In this tutorial, participants explore the fundamentals of feedforward neural networks such as the backpropagation mechanism and Long Short Term Memory neural networks. The tutorial also covers the basis of Deep Knowledge Tracing, the attention mechanism and the application of neural networks in education. There will be some hands-on applications on open educational datasets. The participants should leave the tutorial with the ability to use neural networks in their research.


Neural networks (NN) are as old as the relatively young history of computer science: McCullogh and Pitts already proposed nets of abstract neurons in 1943 as Haigh and Priestley report in [5]. However, their successful use, especially under the form of convolutional neural networks (CNN) or Long Short Term Memory (LSTM) neural networks, in areas such as image recognition and language translation in the last years have made them widely known, also in the Educational Data Mining (EDM) community. This is reflected in the contributions that are published each year in the proceedings of the conference.

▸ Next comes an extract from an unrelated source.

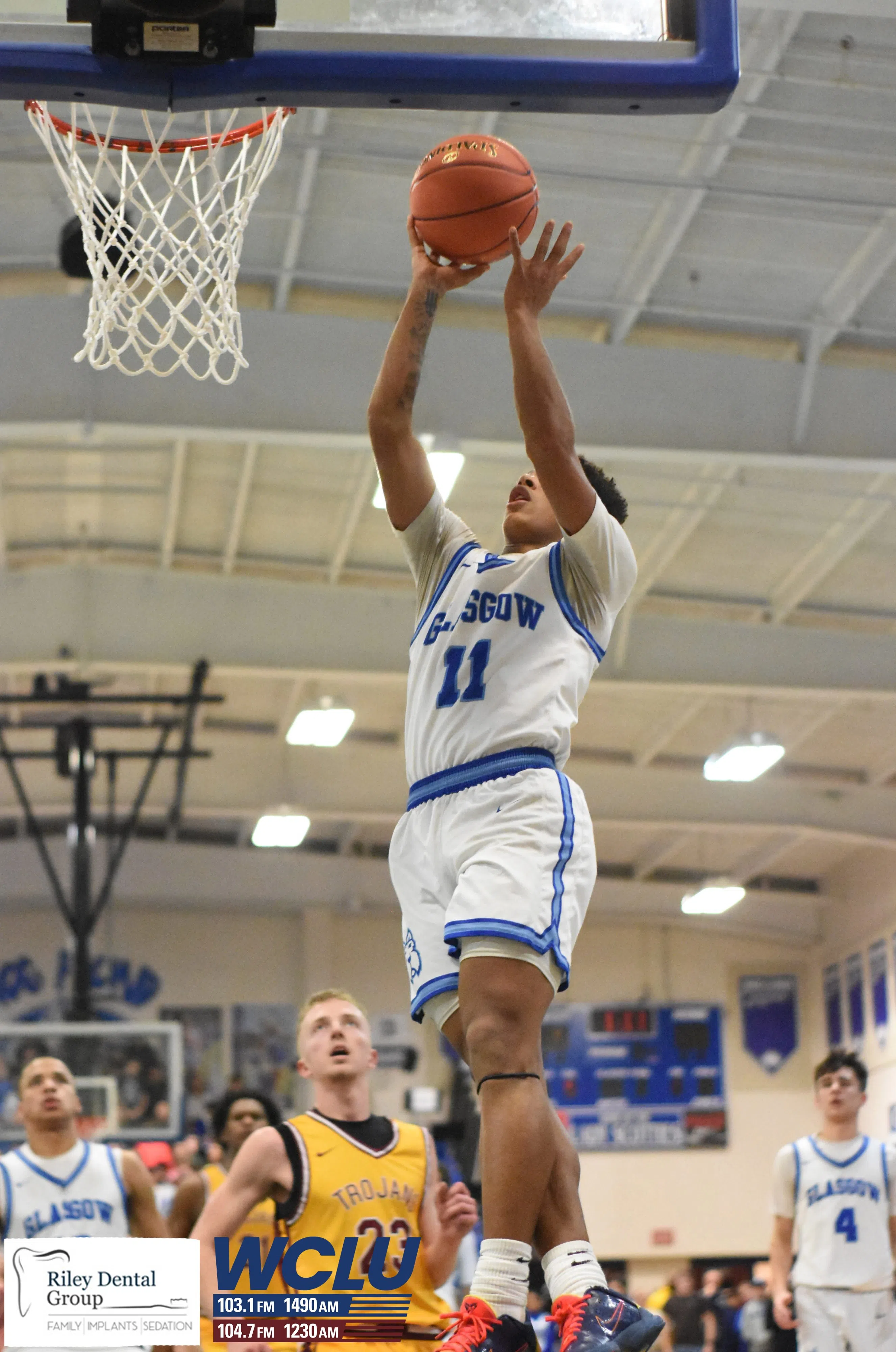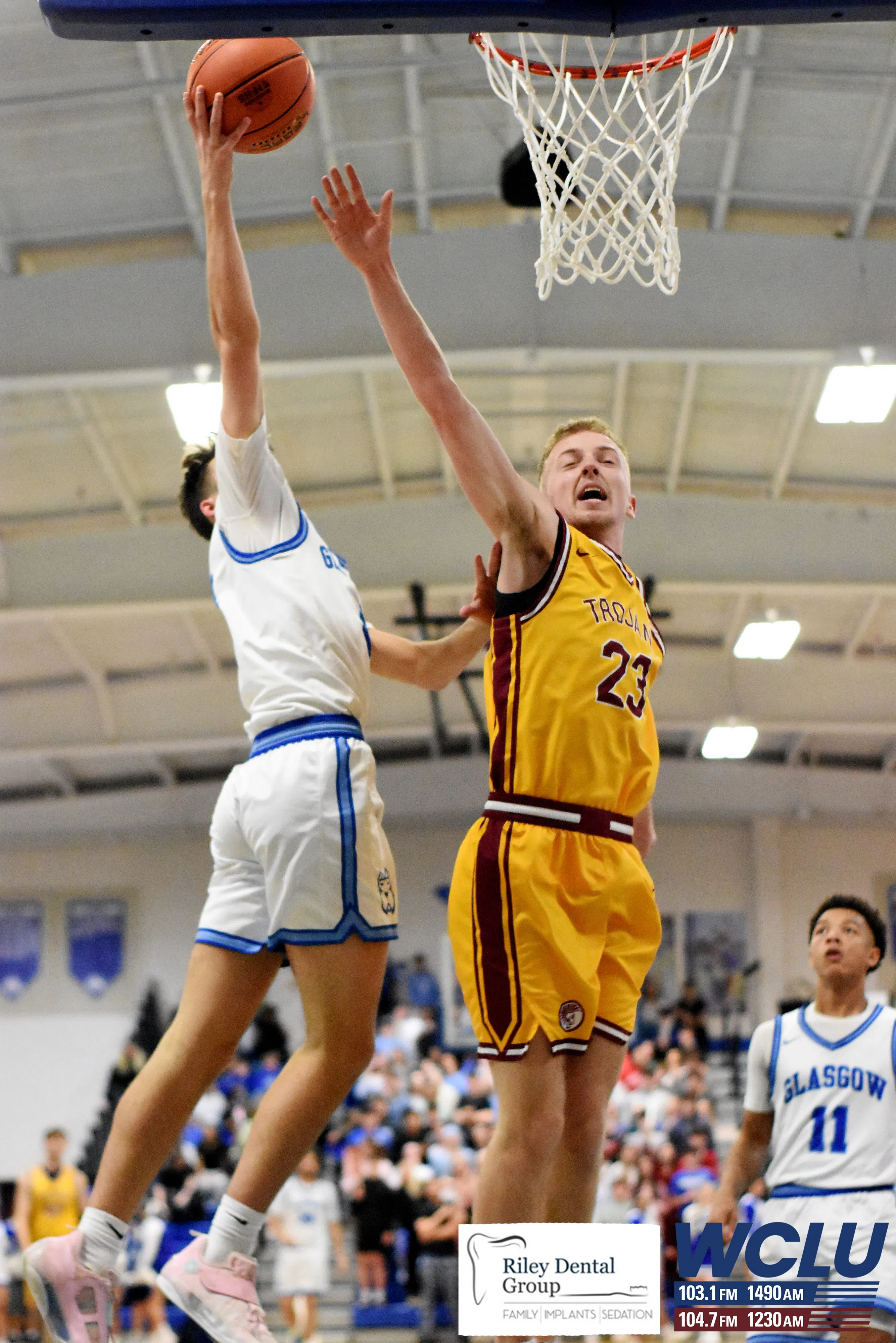 Glasgow’s Jackson Norris shoots a layup as Barren County’s Kade Hardy tries to block the shot in the Boys 15th District Tournament championship. The Scotties beat the Trojans, 75-67, in double overtime. James Brown/WCLU Sports
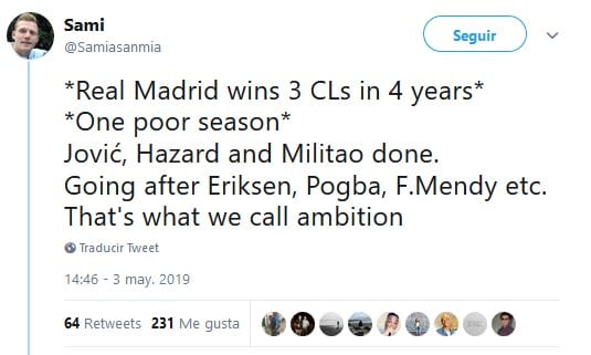 “El Real Madrid gana 3 Champions en 4 años. Una por temporada. Jovic, Hazard y Militao cerrados. Van tras Eriksen, Pogba, Mendy, etc… Esto es lo que llamamos ambición”.

Evolution over the years of the percentage of contributions using neural networks in the EDM proceedings.

The upper green curve labeled “Neural Networks + LSTM” of this figure shows the percentage of contributions (long and short papers, posters and demos, young research track, doctoral consortium, and papers of the industry track) that have used some kind of neural networks in their research. Contributions that mention neural networks in the related works or future works only are not counted. One notices two jumps: in 2016 and 2019; the total goes from two to ten and then from 16 to 32 while the number of contributions goes from 147 to 132 and then from 112 to 139. This shows that neural networks are becoming more and more important in our field. The blue curve “Neural Networks + no LSTM” gives the percentage of the contributions that have used neural networks other than LSTM neural networks, simply called LSTM in the following, while the orange curve “LSTM” shows the percentage of papers that have used LSTM in their research (these contributions might have used LSTM and also other kinds of neural networks). Till 2015, the green curve and the blue curve overlap, as there is no contribution using LSTM.

Recognizing the growing importance of neural networks in the EDM community, this tutorial aims to provide 1) an introduction to neural networks in general and to LSTM neural networks with a focus on the attention mechanism, and 2) a discussion venue on these exciting techniques. This tutorial targets 1) participants who have no or very little prior knowledge about neural networks and would like to use them in their future work or would like to better understand the work of others, and 2) participants interested in exchanging and discussing their experience with the use of neural networks.

Learning outcome

The objectives of this tutorial are twofold:

Newcomers should leave the tutorial with a good understanding of neural networks and the ability to use them in their own research or to appreciate better research works that use neural networks. Participants already knowledgeable about neural networks get a chance to discuss and share about this topic and connect with others.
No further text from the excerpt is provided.